The text of every record, exactly as given and with no pictures, should be your output.

Records from a collection:
== Segment start ==

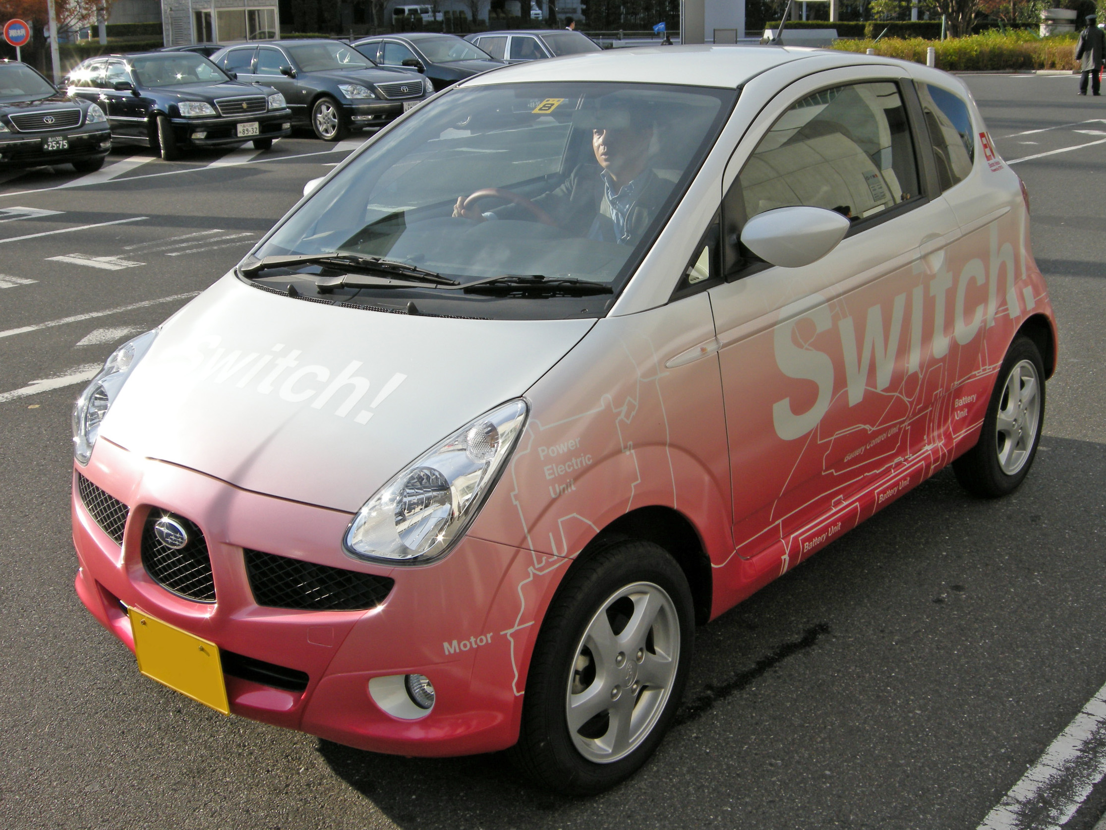 Subaru R1e in Eco Products 2007 at Tokyo Big Sight (Koto, Tokyo)
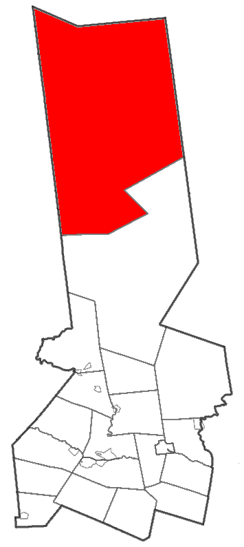 Map of Herkimer County highlighting Webb
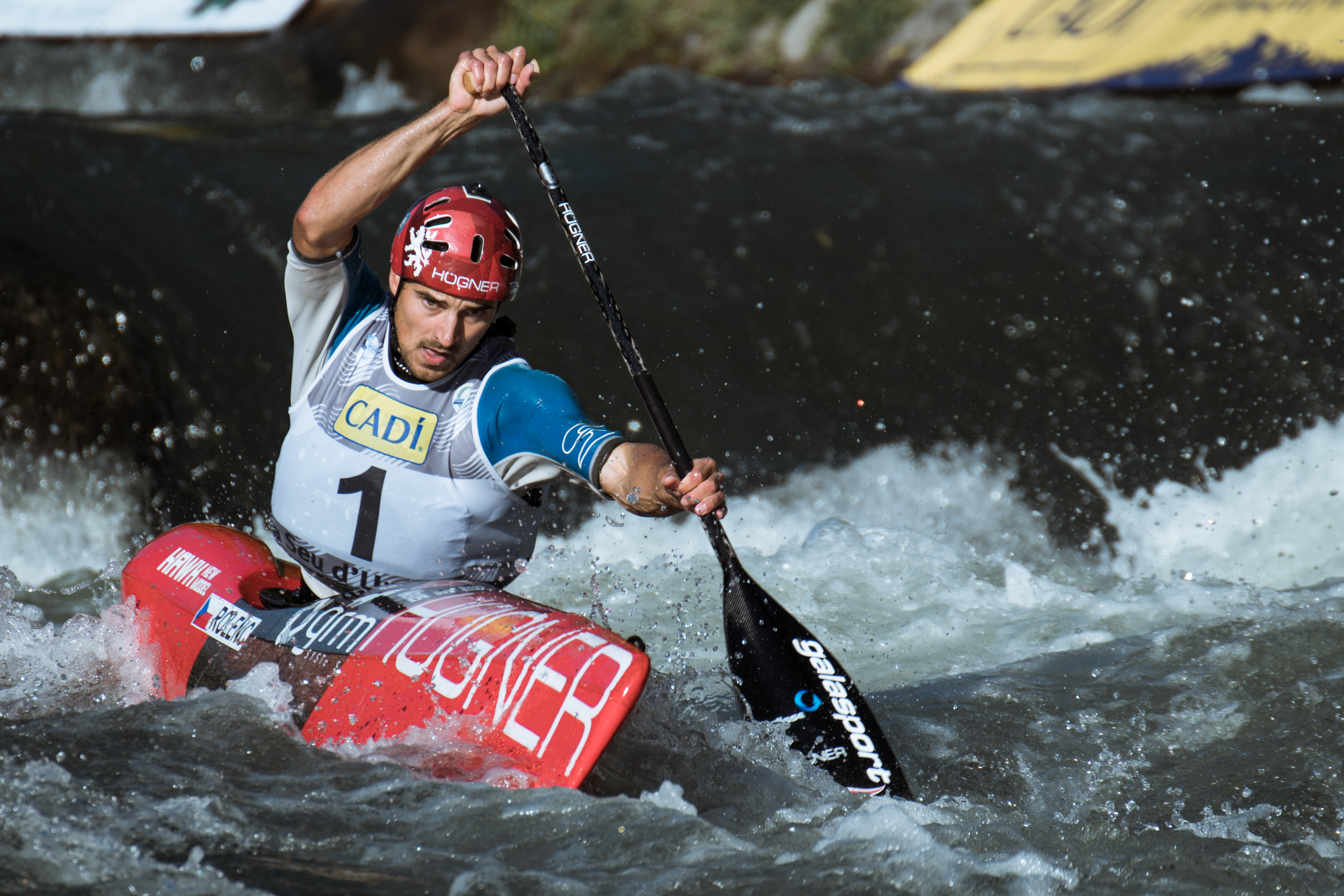 Ondřej Rolenc during the 2019 Canoe Wildwater World Championships in La Seu d'Urgell, Spain.
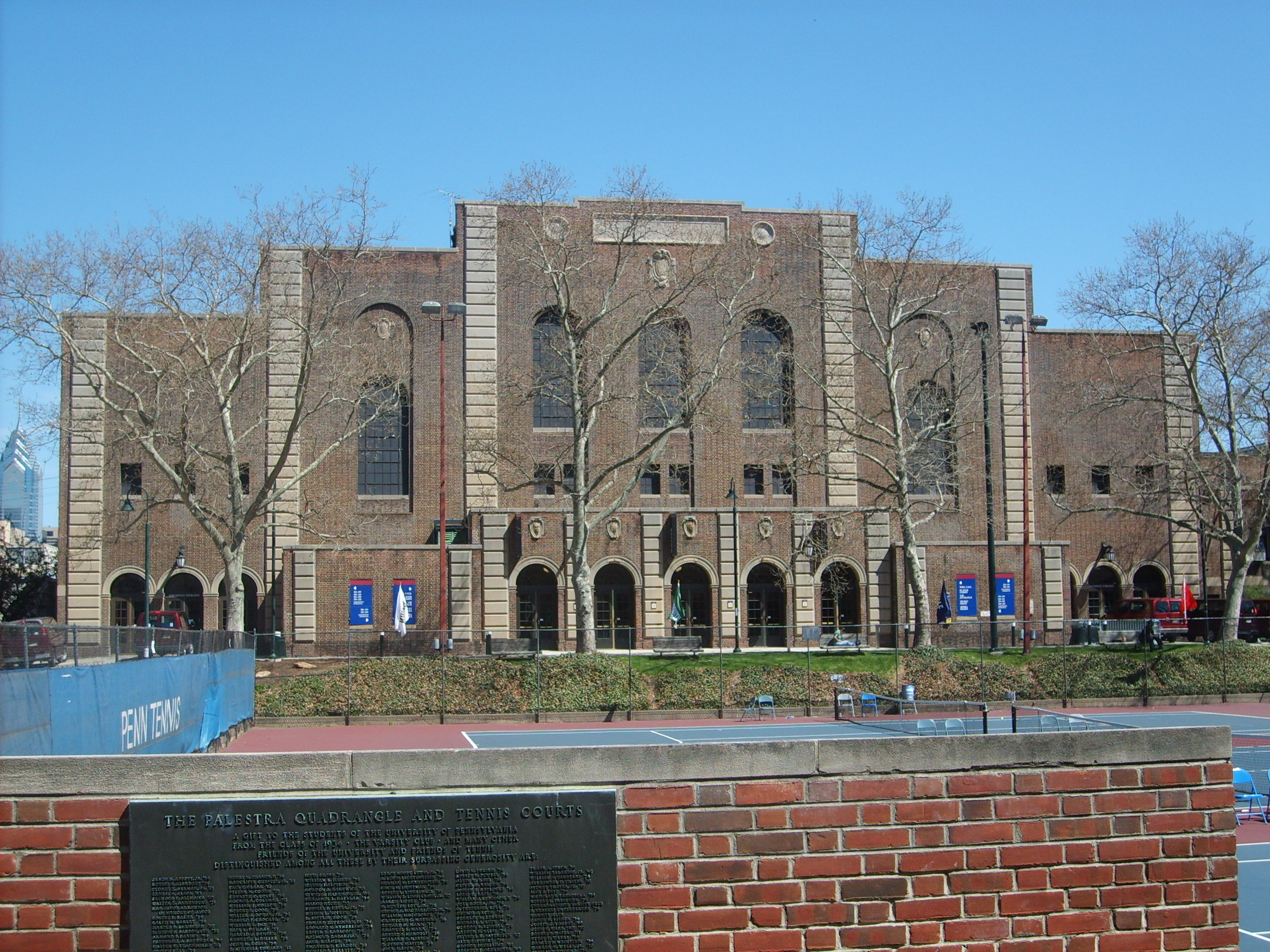 The Palestra
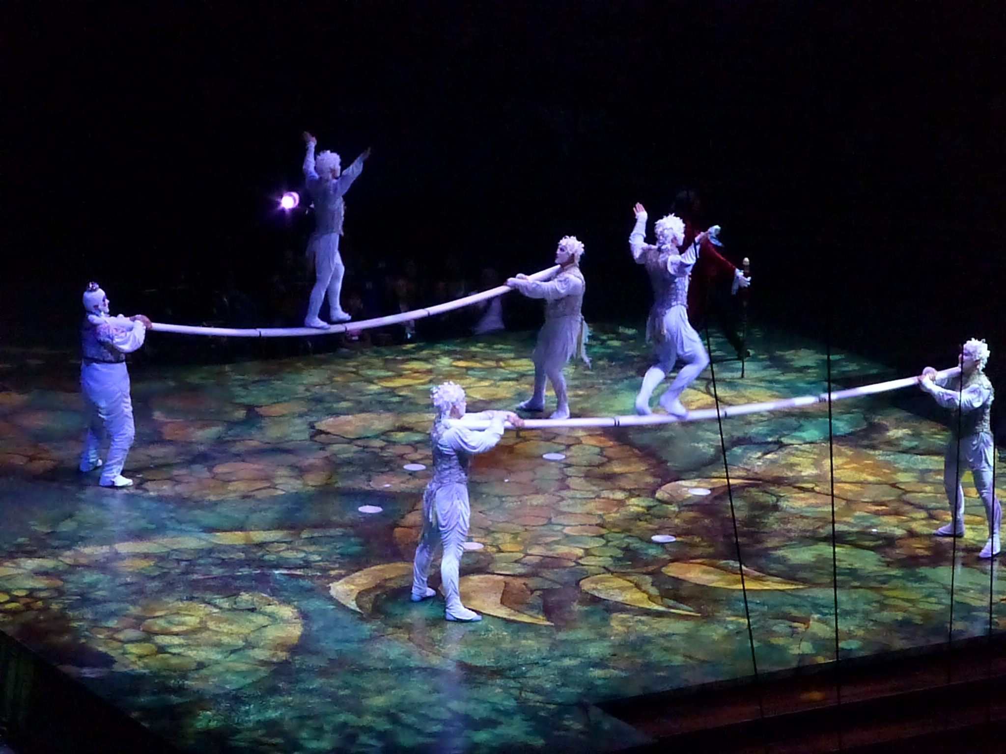 Cirque du Soleil 2012 Alegría, Istanbul, Turkey
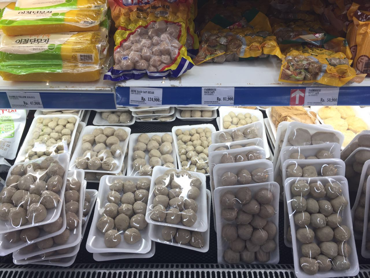 Various bak so in a shop on Jakarta
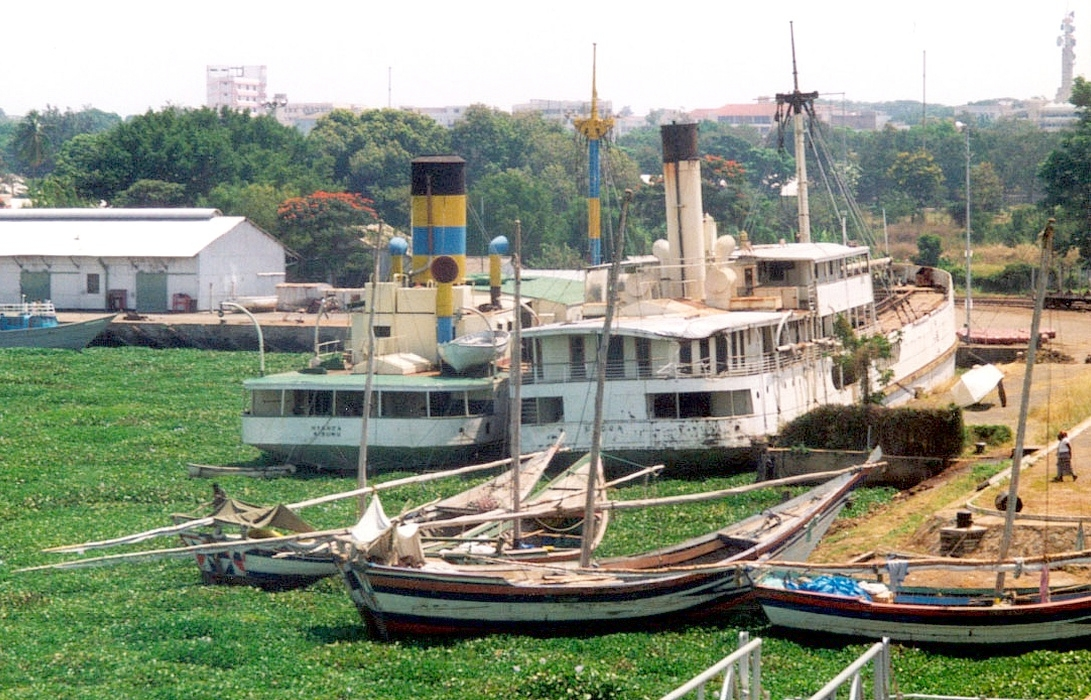 Kisumu Harbour with water hyacinths, Kenya
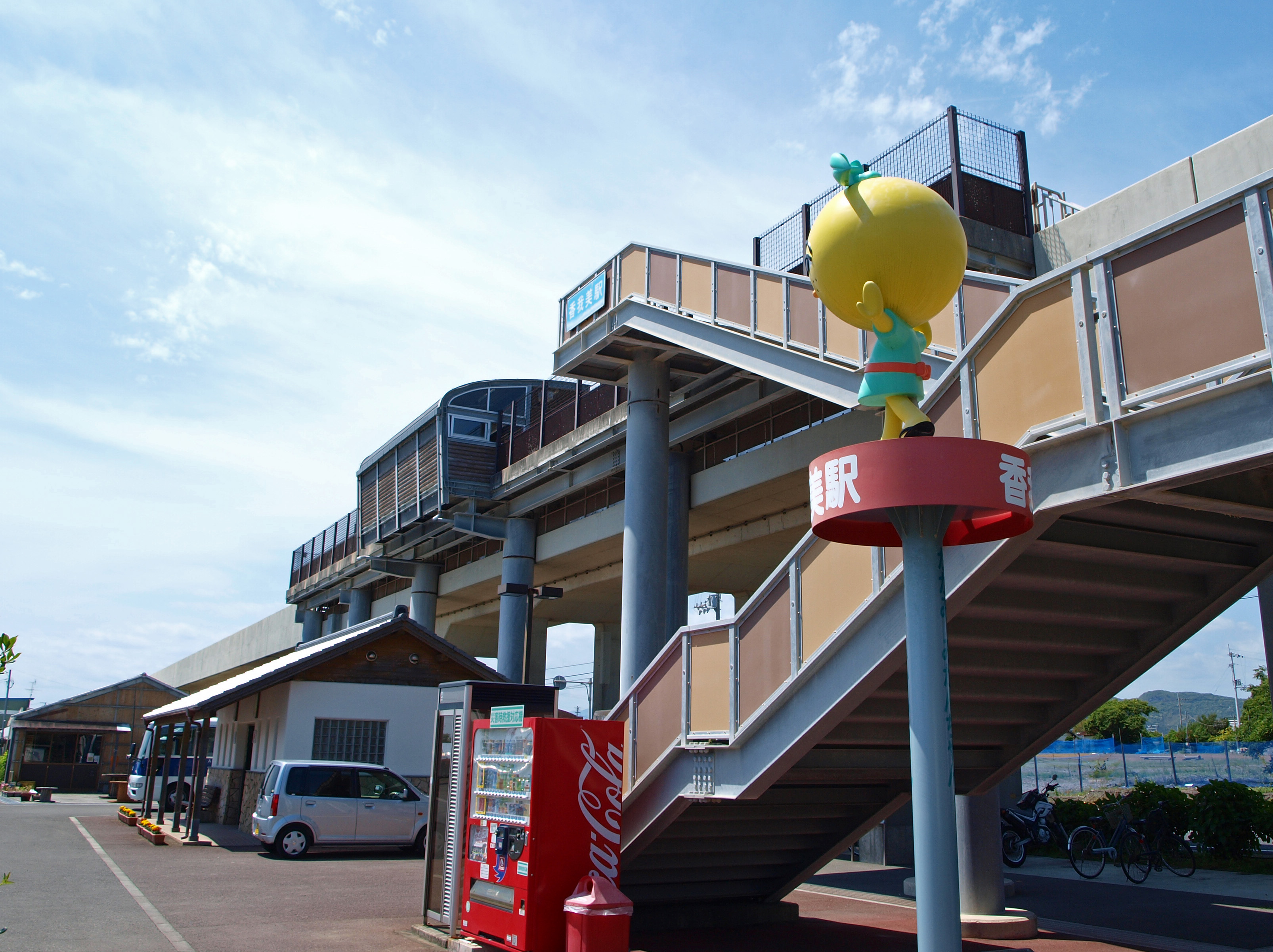 Kagami Station, Gomen-Nahari Line（Asa Line), Tosa Kuroshio Railway, Japan

== Segment end ==

Written reply:
 Subaru R1e in Eco Products 2007 at Tokyo Big Sight (Koto, Tokyo)
 Map of Herkimer County highlighting Webb
 Ondřej Rolenc during the 2019 Canoe Wildwater World Championships in La Seu d'Urgell, Spain.
 The Palestra
 Cirque du Soleil 2012 Alegría, Istanbul, Turkey
 Various bak so in a shop on Jakarta
 Kisumu Harbour with water hyacinths, Kenya
 Kagami Station, Gomen-Nahari Line（Asa Line), Tosa Kuroshio Railway, Japan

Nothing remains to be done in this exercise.